Oncology R&D and Biopharma R&D discovery teams share searchable database of live analytical data.

Automatically captures all raw NMR and LC/MS data
Chemistry across the company now has a FAIR small molecule analytical database

Amber Balasz
Director of US Analytical, Structural, and Chromatography Team & NMR Specialist
AstraZeneca Oncology R&D
Boston, USA

Richard Lewis
Principal Scientist
AstraZeneca Biopharma R&D
Gothenburg, Sweden

Produced by ACD/Labs based on talks given by Amber Balazs (April 7^th, 2024 at the ACD/Labs Software Symposium at the 65^th Annual Experimental Nuclear Magnetic Resonance Conference) and Richard Lewis (October 24^th, 2024 at ACD/Labs’ Structure Elucidation and Verification Virtual Symposium).

Accelerating Structure Verification without Compromising Accuracy

In AstraZeneca’s Oncology and Biopharma R&D organizations, there is an effort to accelerate the make phase of the design-make-test-analyze (DMTA) cycle. To help achieve this, they were particularly interested in automating their post-purification workflow.

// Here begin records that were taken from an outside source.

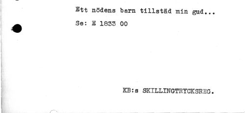 //// Ett nödens barn tillstäd min gud... //// € //// ^ Se: E 1833 00 //// * //// f //// KB:s SKILLINGTRYCKSREG. //// K ////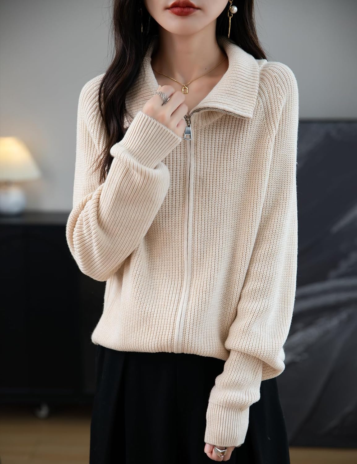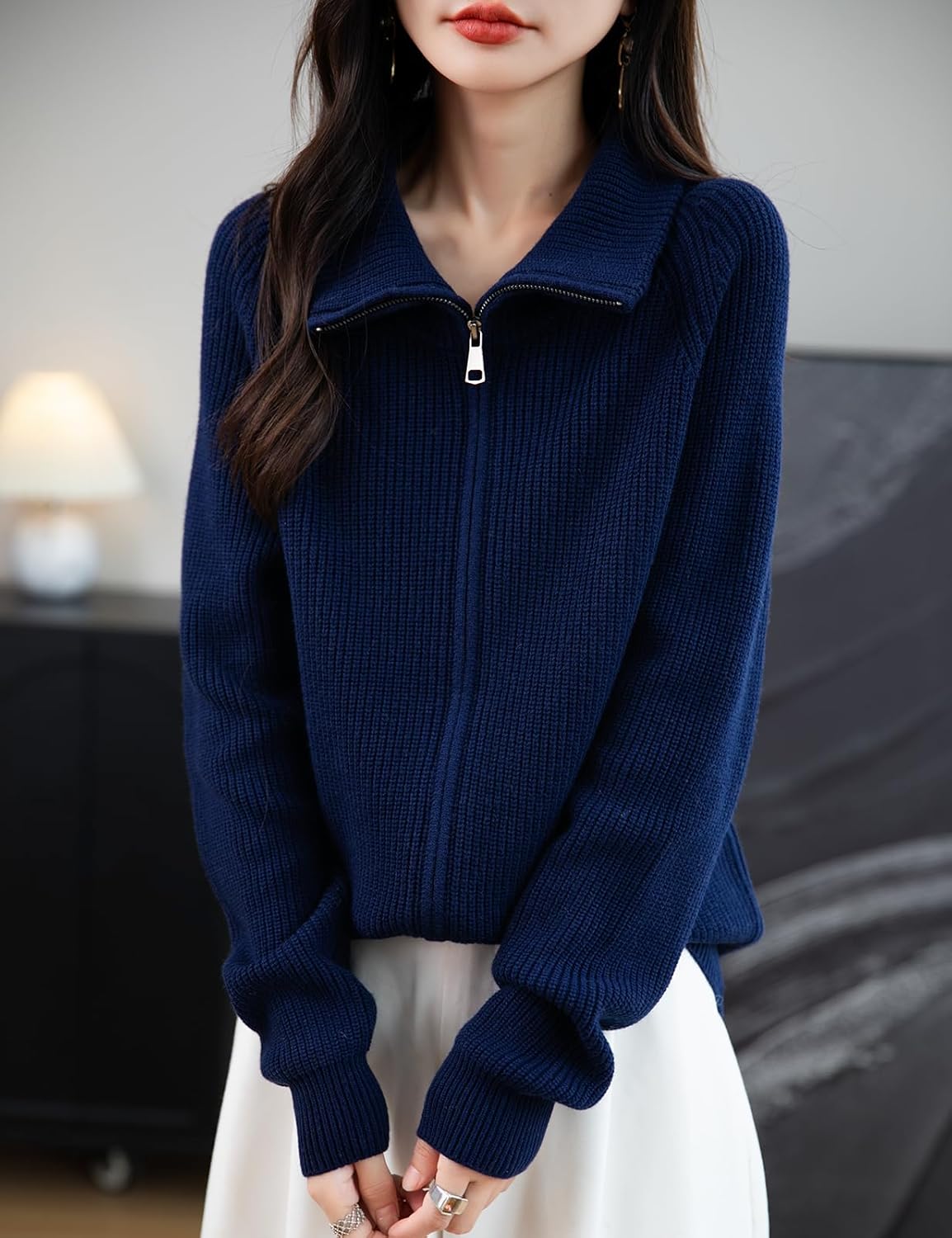 Merino Wool Blend Dragkedja Stickad Sweatshirt Cardigan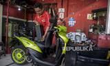 REPUBLIKA.CO.ID, BANDUNG -- Teknisi memeriksa komponen sepeda motor bbm yang dikonversi menjadi sepeda motor listrik di Bengkel Bacip Moto Shop, Jalan Kebon Jati, Kota Bandung, Jawa Barat, Senin (3/7/2023).

In this workflow, once analytical data is acquired, chemists must verify the proposed structure before they can register the compound. At the Gothenburg site alone, chemists are verifying the structures of hundreds of compounds per week. Additionally, as more of their chemistry becomes automated, the amount of data chemists must deal with continues to increase.

While there is a substantial need to accelerate structure verification, this cannot come at the expense of accuracy, as having an incorrect structure misleads design teams, which is bad for both the organization and patients.

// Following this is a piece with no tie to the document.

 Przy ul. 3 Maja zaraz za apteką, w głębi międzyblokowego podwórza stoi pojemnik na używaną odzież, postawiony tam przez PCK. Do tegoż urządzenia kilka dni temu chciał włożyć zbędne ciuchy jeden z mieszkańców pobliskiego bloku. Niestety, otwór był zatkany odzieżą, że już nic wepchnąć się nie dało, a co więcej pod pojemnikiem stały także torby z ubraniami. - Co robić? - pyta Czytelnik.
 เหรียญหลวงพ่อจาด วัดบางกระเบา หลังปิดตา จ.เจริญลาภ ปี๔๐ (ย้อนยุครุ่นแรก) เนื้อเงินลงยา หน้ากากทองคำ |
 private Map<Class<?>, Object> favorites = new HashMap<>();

Keeping Fully Autonomous Structure Verification in Sight

The short-term goal in implementing automated structure verification (ASV) with NMR Workbook Suite™ was to accelerate their structure verification workflow and reduce the burden of structure verification on chemists. In the long term, AZ’s goal was to eliminate the need for a human to spend time verifying known structures altogether. This means they are working to build a system that they can rely on to make decisions from analytical data. Relying on this system means that it either needs to produce accurate results 100% of the time, or that it can be wrong occasionally, but it needs to be able to identify these cases, prompting for more data and/or human interpretation.

Optimizing ASV Performance

With both shorter- and longer-term goals in mind, AZ are investigating ways to further optimize the accuracy of their ASV system (i.e., minimize the number of false results).

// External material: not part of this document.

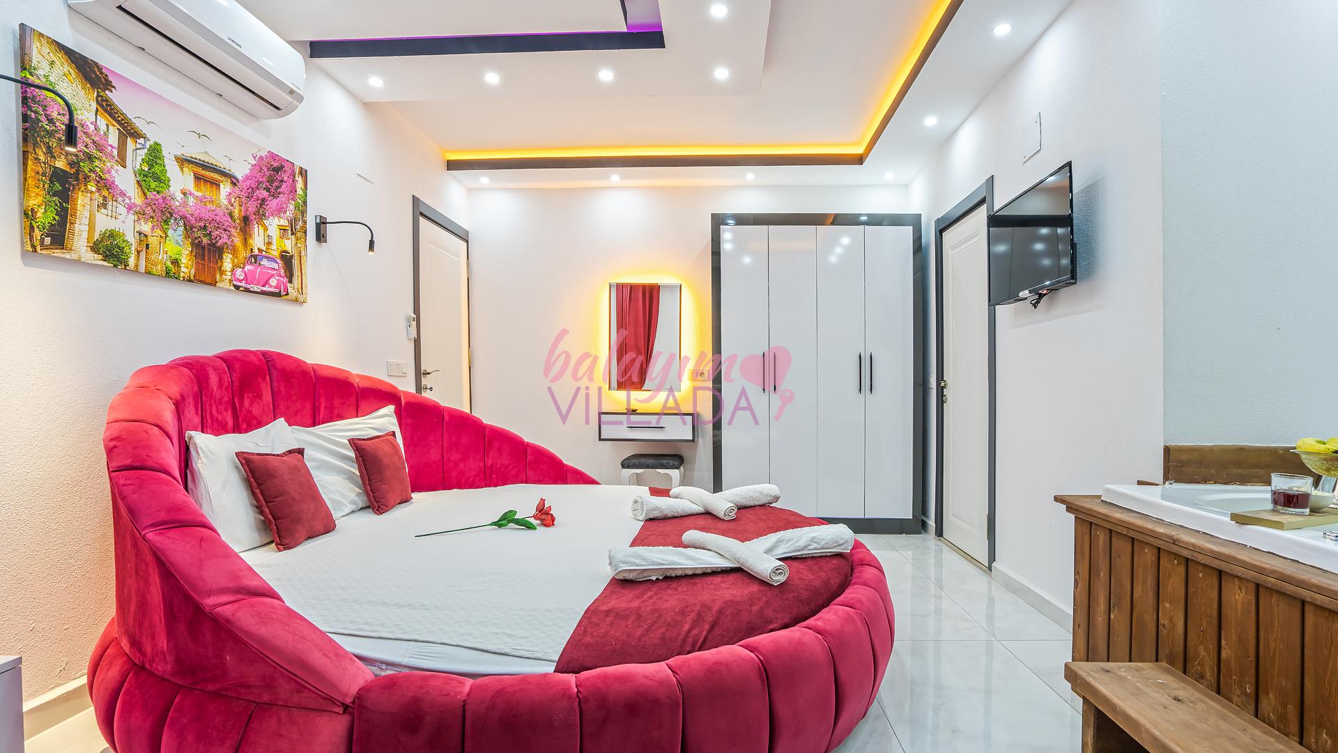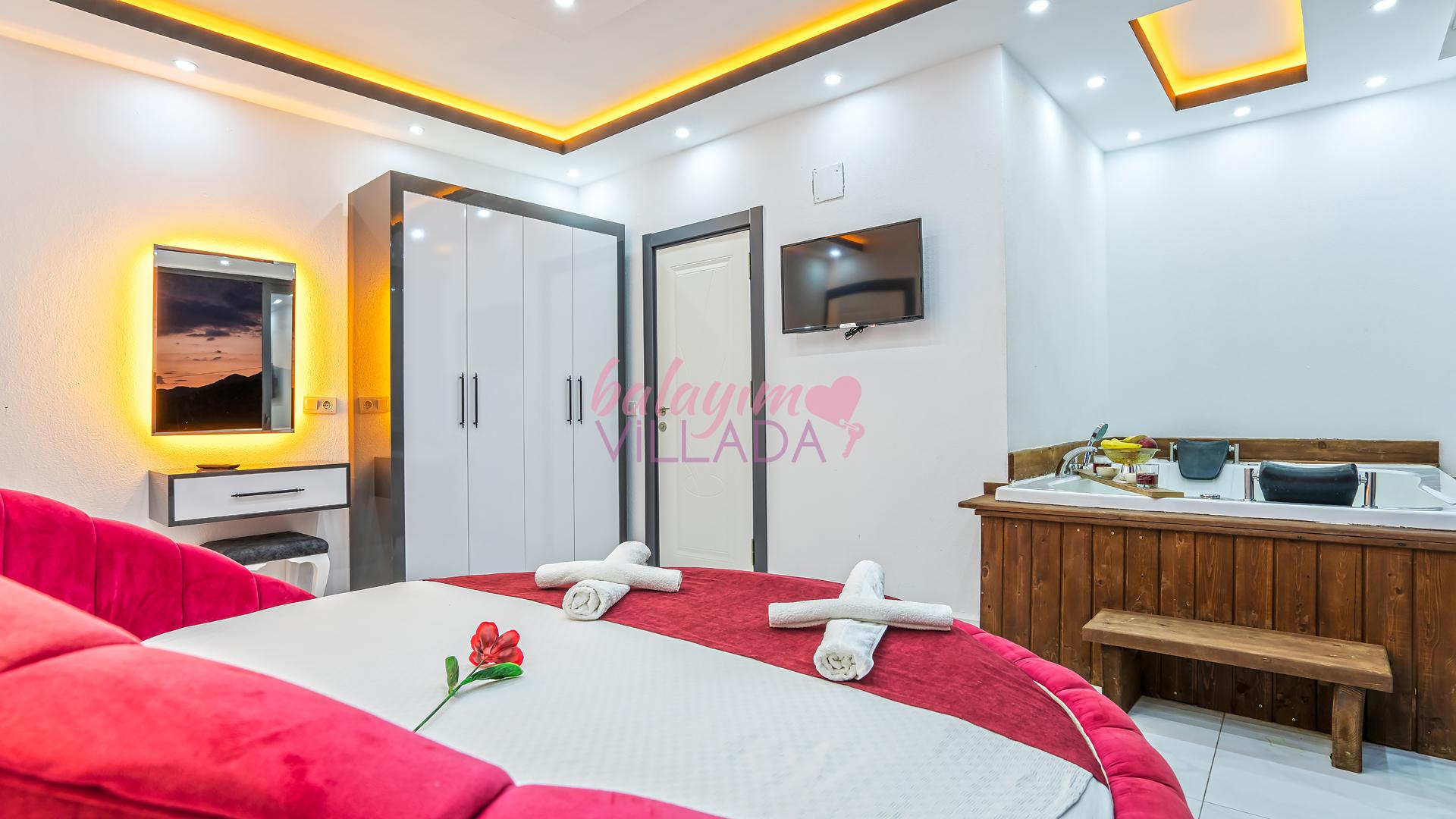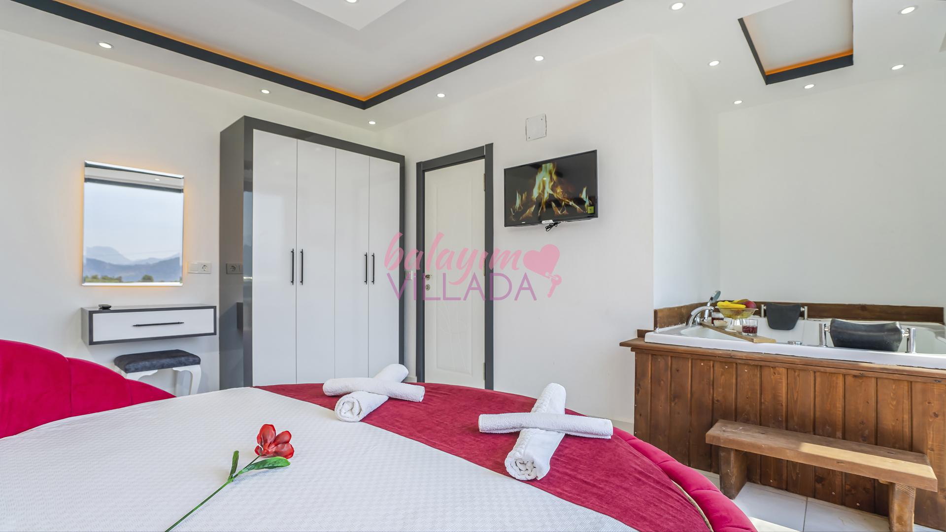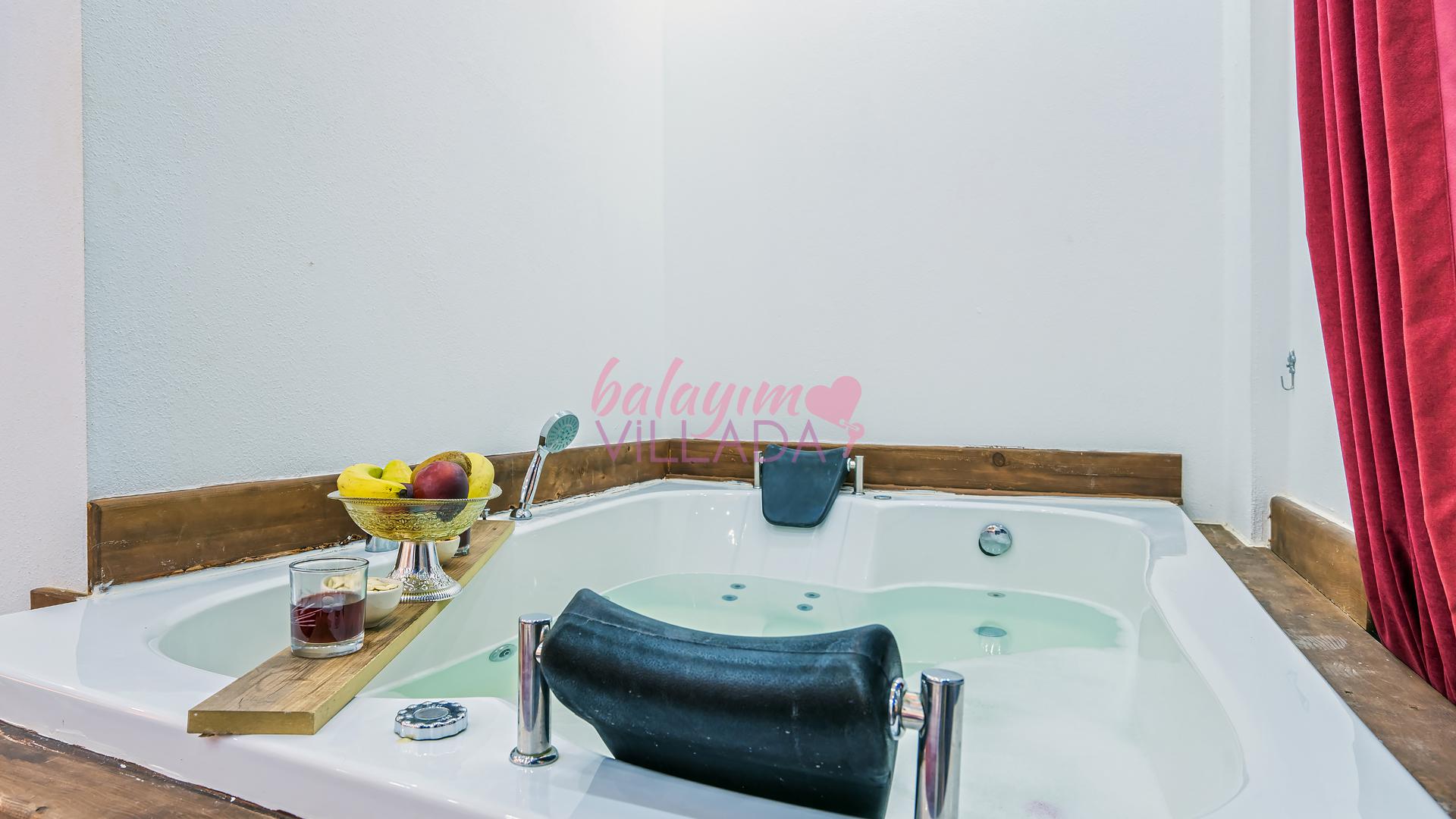Romantik Jakuzi Keyfi: Ebeveyn yatak odasında yer alan şık jakuzi, gün boyu süren tatlı yorgunluğunuzu romantik bir atmosferde atmanız için sizi bekliyor.
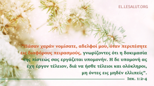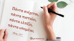 2Κορ. 1:7. επειδή εξεύρομεν ότι καθώς είσθε κοινωνοί των παθημάτων, ούτω και της παρηγορίας. 1Κορ. 13:7. πάντα ανέχεται, πάντα πιστεύει, πάντα ελπίζει, πάντα υπομένει. Ψαλ. 62:...Βιβλικοί στίχοι ανά θέμα – Δοκιμασία

One way to increase accuracy is to add more analytical data. However, they want it to work in high-throughput settings, so this is not realistic. While they use ASV in conjunction with MS data to confirm molecular formula, this doesn’t help ASV with the difficult task of distinguishing between structural isomers, which is important when analyzing reaction products. So, AZ recently undertook in-house performance testing to investigate other changes to the system or input data that could help them get closer to their goal. (Table 1)

Table 1. Summarized results of in-house ASV optimization experiments.

ASV Factor	Results and Conclusions
Input Data	In isolation, ¹³C data provided best accuracy, compared to ¹H or HSQC data, possibly because of better resolution, more robust predictions due to broader shift range of ¹³C vs. ¹H spectra, and because ¹³C shifts are less influenced by 3D conformational effects compared to ¹H. While none of their tests in this area produced sufficient accuracy for an autonomous system, it did lead them to conclude that they should always include HSQC data and add additional weighting biases to ¹³C shift assignments.
Single Structure Verification (SSV) vs. Combined and Concurrent Structure Verification (CCV)	Because they are focused on distinguishing isobaric structural isomers resulting from synthetic reactions, they tried to approach things more like a human would. Instead of looking at a single structure and trying to evaluate how well it corresponds to the data with nothing else to compare it to, they looked at how accurate the ASV system was at distinguishing pairs of compounds using the differences in the match factor (MF) score from ASV. They found that when using HSQC or ¹³C data in this way, the system approached the level of accuracy required for an autonomous system.
Peak Picking Mode	MFs improved for automatic peak picking as more data was included, but manual peak picking outperformed automatic peak picking, regardless of what data was included in the dataset. However, as it is not practical to manually pick peaks in a high-throughput environment, this underscored the importance of optimizing the advanced parameter settings to allow the system to better accommodate a wider variety of projects/circumstances without significantly increasing risk.
Prediction Algorithm	Using the neural network or Hierarchically Ordered Spherical Environment (HOSE) code algorithm provided similar performance.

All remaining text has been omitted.